Hyman seems to have used the Houdini name sporadically in the decade after the Brothers Houdini disbanded. Sometimes he performed as J.H. Herne. Sometimes he went by Jack Hayman. Often he and his actual brother, Joseph Hyman, worked in partnership, calling themselves the Hayman Brothers or the Brothers Herne. Hyman, though, did not completely let go of the Houdini name in this period. The Jacob Hyman collection includes letterhead from this time for “J. H. Houdini.” Across the top it proclaims “THE KING OF WONDER WORKERS/HOUDINI/Presenting an Act Entirely New in all its Details.” Culliton and Williams find that in 1896 Hyman billed himself as “Houdini, Oriental Conjurer and Mysterious Juggler,” and that in November 1897 he gave an interview to the Boston Traveler as J.H. Houdini.
It is unclear whether Harry Houdini voiced any objections to Hyman’s use of the Houdini name in these early years. The Radner Collection contains a letter on J. H. Houdini letterhead that Hyman wrote to Houdini in 1895. “Friend Harry,” it begins matter-of-factly. As the Houdini name became more celebrated, largely through Harry’s masterful publicity strokes, Harry seems to have paid more attention to the matter. By the time of Hyman’s February, 1903 appearance in Worcester, Houdini decided to squelch his would-be rival. Around this time, Culliton and Williams show, he sent a cable from Germany that the New York Dramatic Mirror published in early March:
Having worked for years to make my name famous, [I] trust managers during my absence will not advertise the unprofessional performer who is using my name. If he has brains enough to act, let him make [a] name for himself.

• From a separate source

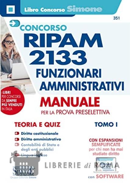 Questo manuale "Concorso RIPAM 2133 Funzionari amministrativi - Manuale per la prova preselettiva - Tomo I" comprende la trattazione delle discipline specialistiche per il concorso, e dei relativi quiz tratti dalle più recenti banche-dati ufficiali RIPAM, nonché i test in Lingua Inglese (commentati), anch'essi selezionati tra quelli inseriti nelle banche-dati RIPAM Nella Gazzetta Ufficiale del 30 giugno 2020, n. 50 è stato pubblicato il bando per il concorso pubblico, per titoli ed esami, finalizzato al reclutamento di 2133 posti di personale non dirigenziale, a tempo pieno e indeterminato, da inquadrare nell'Area funzionale III, nel profilo di Funzionario amministrativo, nei ruoli di diverse amministrazioni. La procedura concorsuale è affidata alla Commissione per l'attuazione del progetto RIPAM, che ha gestito anche molti degli ultimi concorsi banditi nel periodo 2019-2020, prima della sospensione dovuta all'emergenza COVID-19. Il libro, suddiviso in due Tomi, rappresenta un utile supporto per preparare la prova preselettiva, comune a tutti i profili, che consiste in un test, da risolvere in settanta minuti, composto da 50 quesiti a risposta multipla, di cui 25 attitudinali per la verifica della capacità logico-deduttiva, di ragionamento logico-matematico e critico-verbale, 5 di Lingua Inglese e 20 diretti a verificare la conoscenza delle seguenti materie: Diritto costituzionale; Diritto amministrativo; Contabilità di Stato e degli enti pubblici. Questo Tomo I comprende la trattazione delle discipline sopraelencate, e dei relativi quiz tratti dalle più recenti banche-dati ufficiali RIPAM, nonché i test in Lingua Inglese (commentati), anch'essi selezionati tra quelli inseriti nelle banche-dati RIPAM. L'analisi delle materie specialistiche è sintetica ma esaustiva e permette una preparazione completa. Si tratta però di discipline complesse che, per chi non ha mai studiato diritto o contabilità, possono risultare complesse. Per questo motivo, il Manuale è completato da una serie di espansioni semplificate, una per ogni materia, in cui vengono spiegati, con linguaggio semplice e con esempi, le parole chiave e i concetti fondamentali indispensabili per affrontare il loro studio. Grazie a un software (accessibile tramite il QR-Code presente nel testo) sarà poi possibile esercitarsi con infinite simulazioni della prova. Per completare la preparazione alla prova preselettiva è necessario integrare lo studio di questo Tomo I con il Tomo II: Concorso Ripam 2133 Funzionari Amministrativi (codice 351/1). Quiz attitudinali RIPAM commentati: Ragionamento logico-deduttivo, Ragionamento logico-matematico, Ragionamento critico-verbale. Per chi è in possesso di entrambi i Tomi, ricordiamo che il software comprende sia i quiz di logica sia i disciplinari per una perfetta simulazione della prova preselettiva.

An article in the Jacob Hyman Collection documents that more drastic steps were taken as well to put an end to J. H. Houdini. “A WAR OF MAGICIANS,” the Springfield Republican headlined on February 23, 1903: “Odd Bit of Professional Rivalry in Vaudeville at the Nelson Theater.” The paper reported that Hyman, performing as “Houdini” had, as usual, challenged members of the audience to bring him handcuffs from which he would break free. When a pair was produced and locked onto his wrists, however, he could not extricate himself – and for good reason. The handcuffs had been submitted by Dr. Leopold Weiss, Harry Houdini’s brother. Weiss and his lawyer had come from New York City expressly to foil Hyman. The Republican reported that Leopold “is said to have threatened to follow [Hyman] and bring him unopenable handcuffs until he drops the name Houdini.”
Soon after this incident, Hyman forever abandoned the Houdini name. Within a few years he had retired from show business completely and entered medical school. Perhaps he had been chastened by Harry Houdini’s reprimands or frustrated by Leopold’s tactics. Maybe he simply decided that the life of an entertainer was too hard and the money not reliable enough. Or perhaps he took to heart Harry Houdini’s blunt suggestion:
If he has brains enough to act let him make [a] name for himself.
In 1911, at the age of 40, J. H. Houdini became Dr. Jacob Hyman.
I am grateful to Kenneth Silverman, Patrick Culliton, and Ronald J. Hilgert for their contributions to this article.